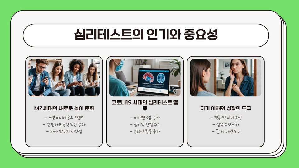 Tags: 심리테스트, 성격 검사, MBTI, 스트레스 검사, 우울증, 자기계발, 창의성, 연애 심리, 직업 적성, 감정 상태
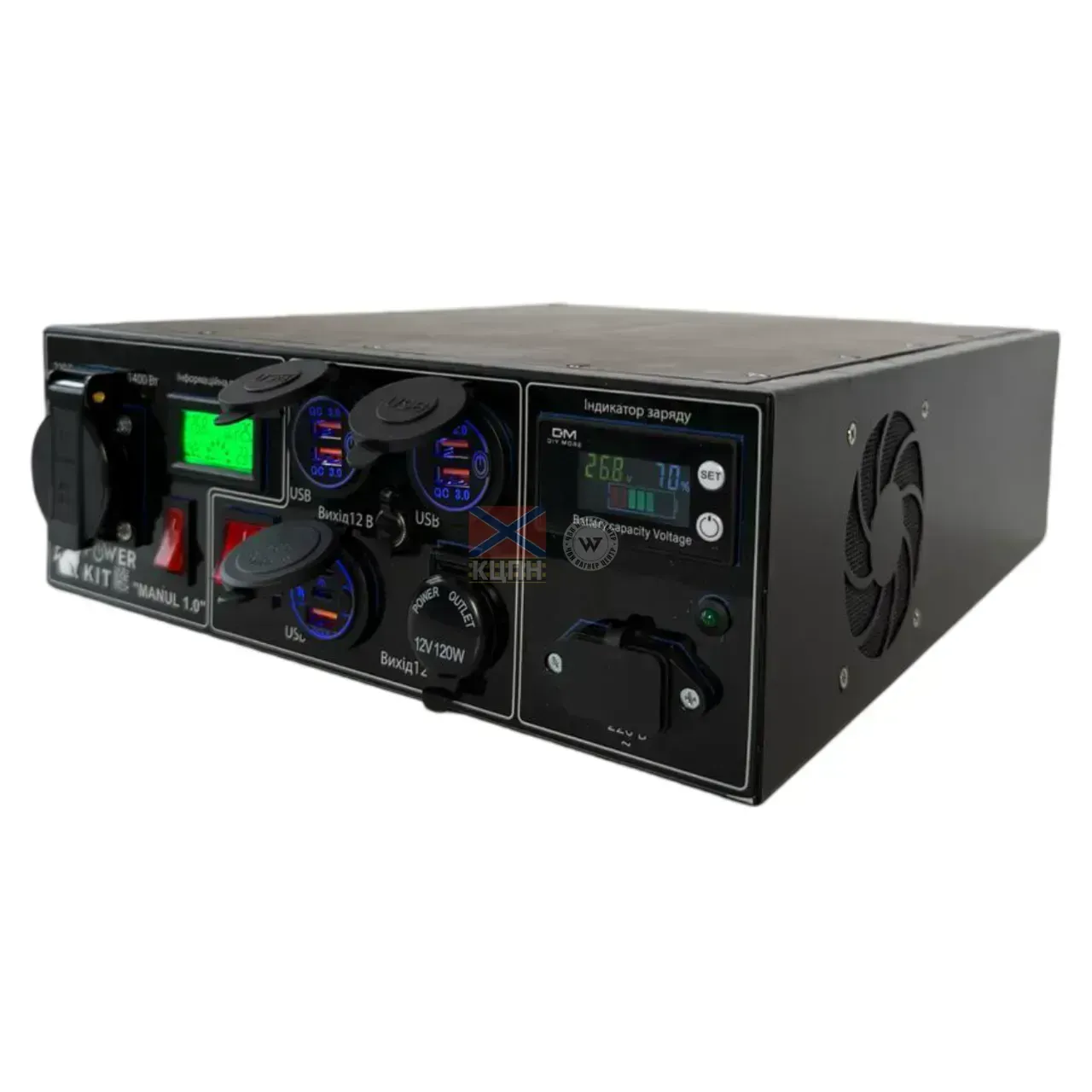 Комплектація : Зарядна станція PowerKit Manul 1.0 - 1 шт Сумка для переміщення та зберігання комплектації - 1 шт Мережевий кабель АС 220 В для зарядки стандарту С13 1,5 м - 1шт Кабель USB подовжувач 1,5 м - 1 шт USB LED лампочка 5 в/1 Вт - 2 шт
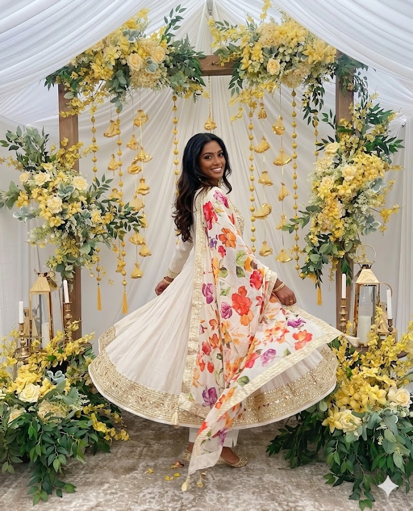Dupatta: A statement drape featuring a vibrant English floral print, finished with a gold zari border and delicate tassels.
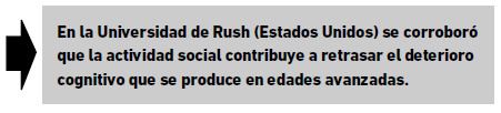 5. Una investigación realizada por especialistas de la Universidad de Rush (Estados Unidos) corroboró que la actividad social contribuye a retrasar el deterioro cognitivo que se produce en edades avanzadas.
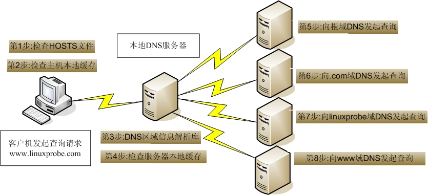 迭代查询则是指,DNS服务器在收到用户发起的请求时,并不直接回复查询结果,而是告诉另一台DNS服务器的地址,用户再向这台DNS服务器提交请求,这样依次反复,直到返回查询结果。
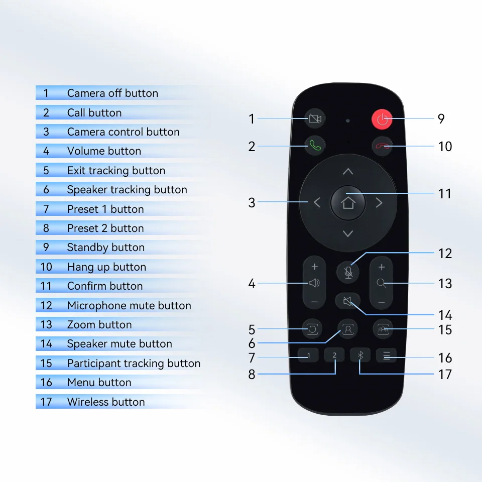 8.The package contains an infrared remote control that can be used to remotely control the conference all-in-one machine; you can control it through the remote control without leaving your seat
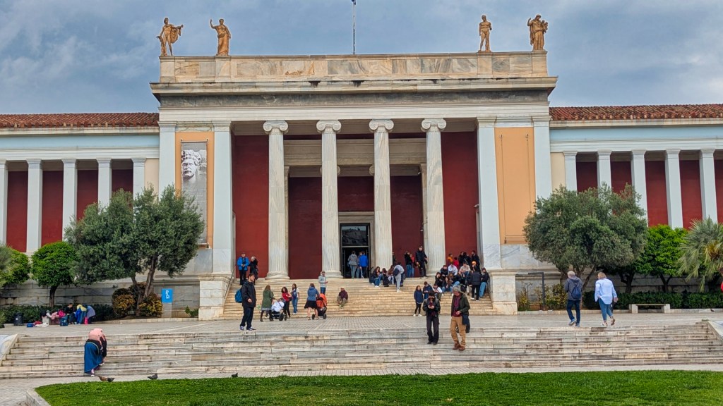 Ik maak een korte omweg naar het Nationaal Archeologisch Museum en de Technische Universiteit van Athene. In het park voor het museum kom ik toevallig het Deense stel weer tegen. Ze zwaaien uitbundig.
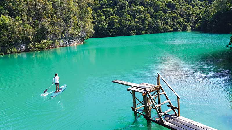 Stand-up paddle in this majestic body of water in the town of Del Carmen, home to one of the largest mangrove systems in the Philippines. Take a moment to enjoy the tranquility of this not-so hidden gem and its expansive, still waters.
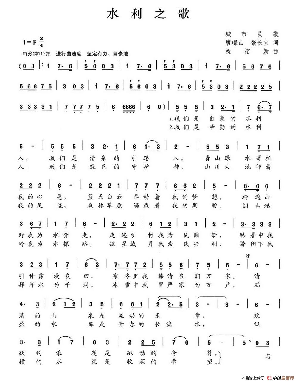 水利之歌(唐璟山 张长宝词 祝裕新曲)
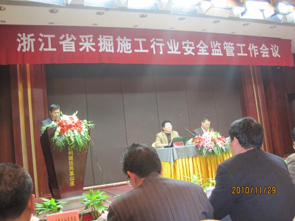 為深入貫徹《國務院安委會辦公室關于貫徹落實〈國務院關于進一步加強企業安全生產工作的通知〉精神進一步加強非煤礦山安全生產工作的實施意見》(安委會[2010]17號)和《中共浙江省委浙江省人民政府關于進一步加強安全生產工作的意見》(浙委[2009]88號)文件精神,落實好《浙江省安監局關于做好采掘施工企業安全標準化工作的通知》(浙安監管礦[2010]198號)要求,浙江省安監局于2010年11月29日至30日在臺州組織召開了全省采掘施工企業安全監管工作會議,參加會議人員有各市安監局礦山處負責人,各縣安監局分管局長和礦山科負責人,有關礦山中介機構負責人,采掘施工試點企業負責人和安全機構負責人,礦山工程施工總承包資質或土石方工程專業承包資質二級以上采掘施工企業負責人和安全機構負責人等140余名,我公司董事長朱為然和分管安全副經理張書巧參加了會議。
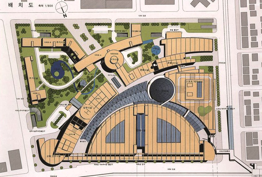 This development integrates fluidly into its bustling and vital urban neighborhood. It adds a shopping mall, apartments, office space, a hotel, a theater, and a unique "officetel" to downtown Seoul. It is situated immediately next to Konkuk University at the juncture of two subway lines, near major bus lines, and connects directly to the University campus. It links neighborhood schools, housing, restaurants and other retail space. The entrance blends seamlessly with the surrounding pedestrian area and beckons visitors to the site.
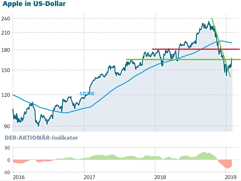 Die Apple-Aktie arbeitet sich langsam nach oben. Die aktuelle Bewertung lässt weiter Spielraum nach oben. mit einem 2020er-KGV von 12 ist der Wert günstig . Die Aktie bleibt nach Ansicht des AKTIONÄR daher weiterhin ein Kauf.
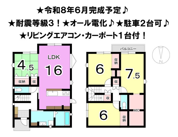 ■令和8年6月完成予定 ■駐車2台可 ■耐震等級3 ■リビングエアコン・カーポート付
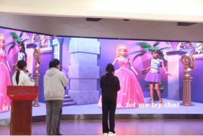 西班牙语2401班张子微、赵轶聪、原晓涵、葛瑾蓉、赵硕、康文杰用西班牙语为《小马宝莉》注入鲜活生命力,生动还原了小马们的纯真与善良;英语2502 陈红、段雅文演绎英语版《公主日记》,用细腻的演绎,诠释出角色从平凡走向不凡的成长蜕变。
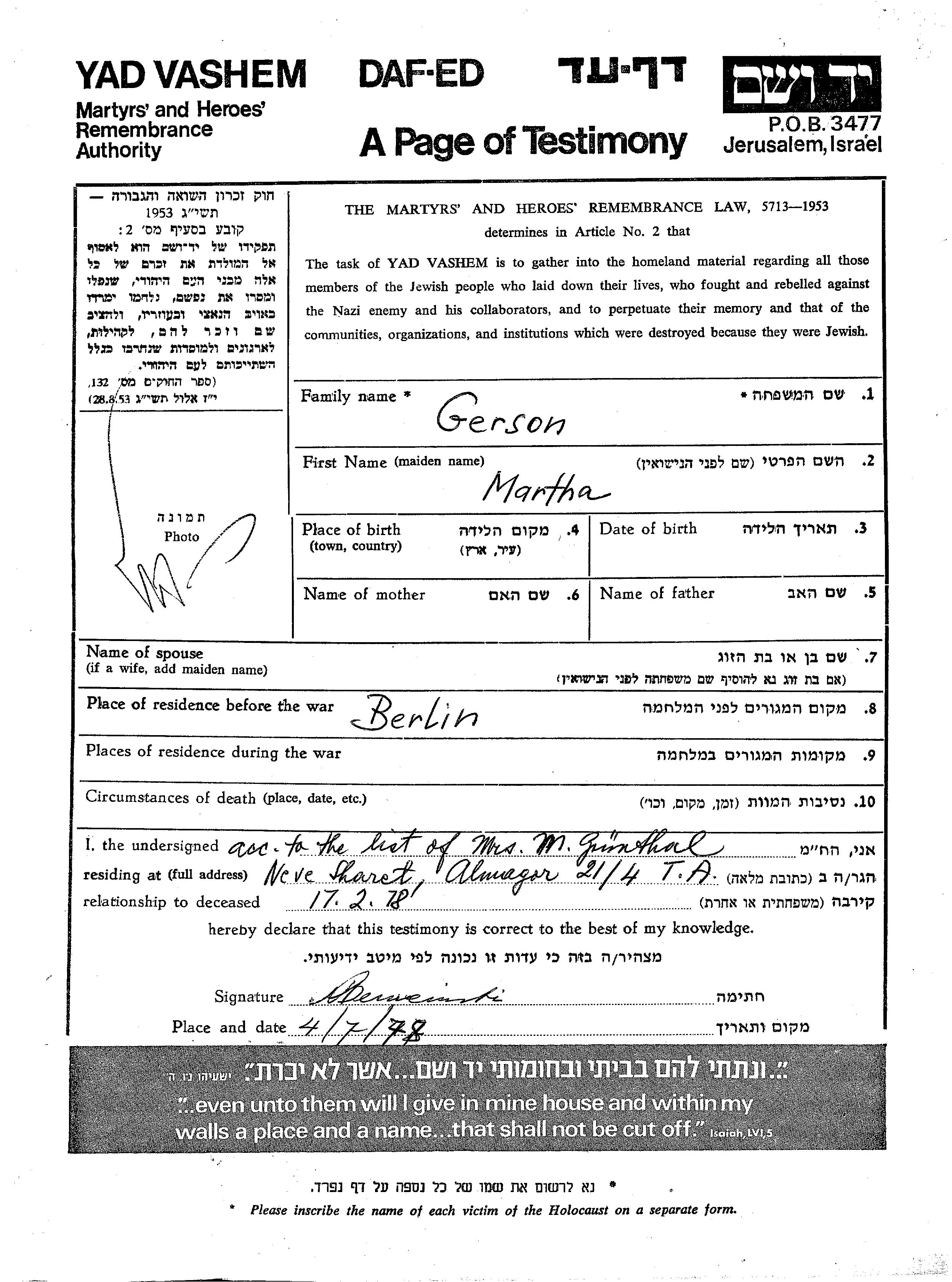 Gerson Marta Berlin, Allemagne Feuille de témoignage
* * *
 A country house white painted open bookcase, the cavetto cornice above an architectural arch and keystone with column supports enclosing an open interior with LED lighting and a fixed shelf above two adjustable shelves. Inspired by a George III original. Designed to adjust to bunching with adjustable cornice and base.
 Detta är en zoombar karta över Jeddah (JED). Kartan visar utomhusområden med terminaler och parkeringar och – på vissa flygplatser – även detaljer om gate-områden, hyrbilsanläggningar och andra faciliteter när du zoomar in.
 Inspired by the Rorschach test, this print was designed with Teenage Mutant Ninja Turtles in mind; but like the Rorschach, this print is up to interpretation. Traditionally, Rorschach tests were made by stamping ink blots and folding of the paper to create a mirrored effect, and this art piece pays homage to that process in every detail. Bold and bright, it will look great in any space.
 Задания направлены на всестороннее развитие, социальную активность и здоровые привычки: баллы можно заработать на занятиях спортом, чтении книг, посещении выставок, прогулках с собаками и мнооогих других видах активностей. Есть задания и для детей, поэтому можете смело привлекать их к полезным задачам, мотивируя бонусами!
--
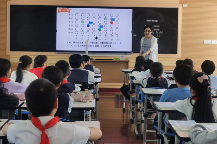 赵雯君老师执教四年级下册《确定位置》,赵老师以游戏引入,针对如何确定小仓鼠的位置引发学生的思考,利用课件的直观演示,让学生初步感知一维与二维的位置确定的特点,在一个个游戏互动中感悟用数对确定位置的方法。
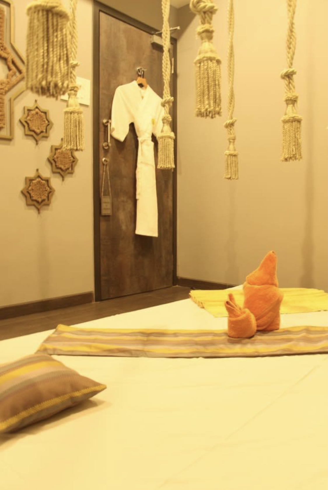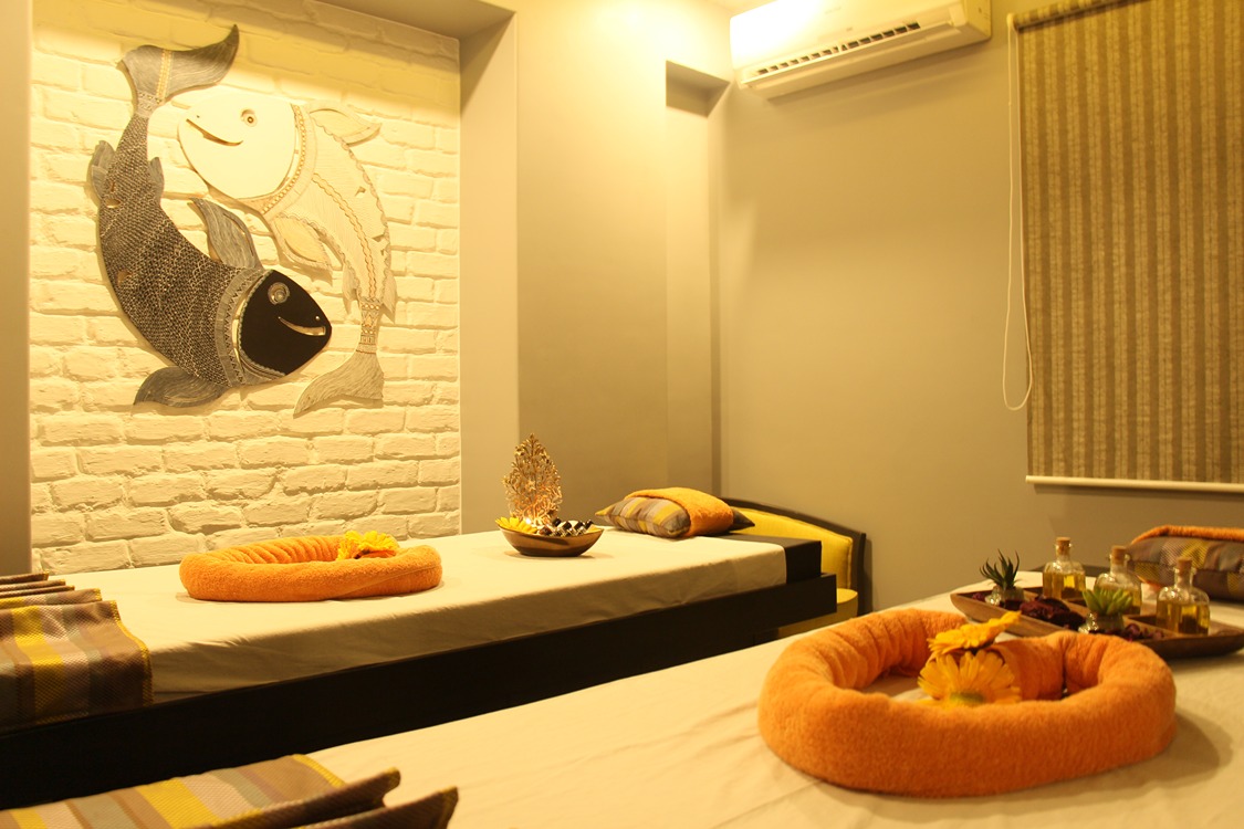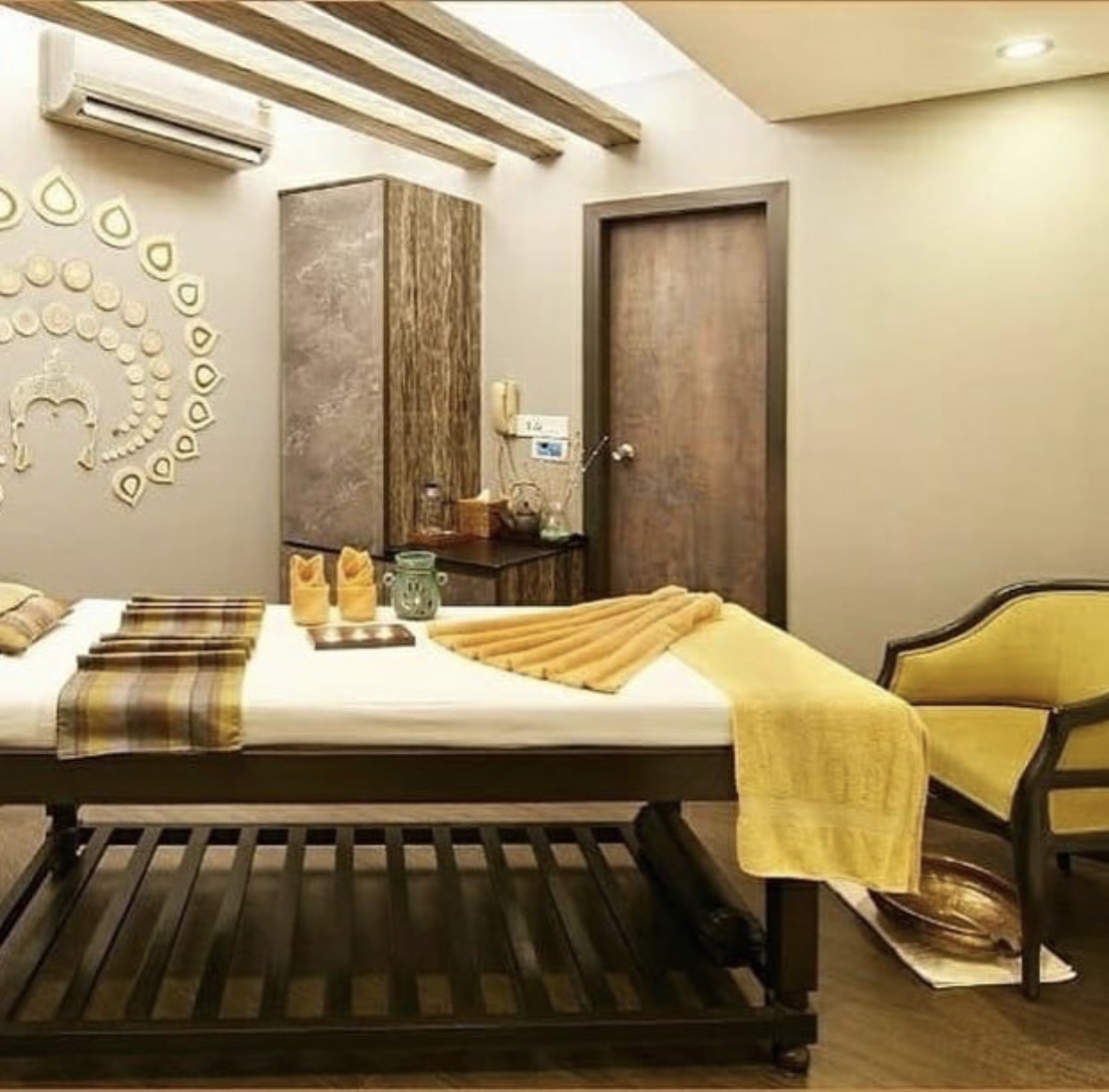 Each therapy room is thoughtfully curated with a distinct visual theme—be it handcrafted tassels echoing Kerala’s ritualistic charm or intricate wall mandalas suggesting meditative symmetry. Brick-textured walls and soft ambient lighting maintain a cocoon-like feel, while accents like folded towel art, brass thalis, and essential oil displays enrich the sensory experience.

* _Task brief_
For the entries above, print exactly the lines between the one with "Tags: 심리테스트, 성격" and the one with "迭代查询则是指,DNS服务器", inclusive, with no pictures.

* _Answer to the problem_
 Tags: 심리테스트, 성격 검사, MBTI, 스트레스 검사, 우울증, 자기계발, 창의성, 연애 심리, 직업 적성, 감정 상태
 Комплектація : Зарядна станція PowerKit Manul 1.0 - 1 шт Сумка для переміщення та зберігання комплектації - 1 шт Мережевий кабель АС 220 В для зарядки стандарту С13 1,5 м - 1шт Кабель USB подовжувач 1,5 м - 1 шт USB LED лампочка 5 в/1 Вт - 2 шт
Dupatta: A statement drape featuring a vibrant English floral print, finished with a gold zari border and delicate tassels.
 5. Una investigación realizada por especialistas de la Universidad de Rush (Estados Unidos) corroboró que la actividad social contribuye a retrasar el deterioro cognitivo que se produce en edades avanzadas.
 迭代查询则是指,DNS服务器在收到用户发起的请求时,并不直接回复查询结果,而是告诉另一台DNS服务器的地址,用户再向这台DNS服务器提交请求,这样依次反复,直到返回查询结果。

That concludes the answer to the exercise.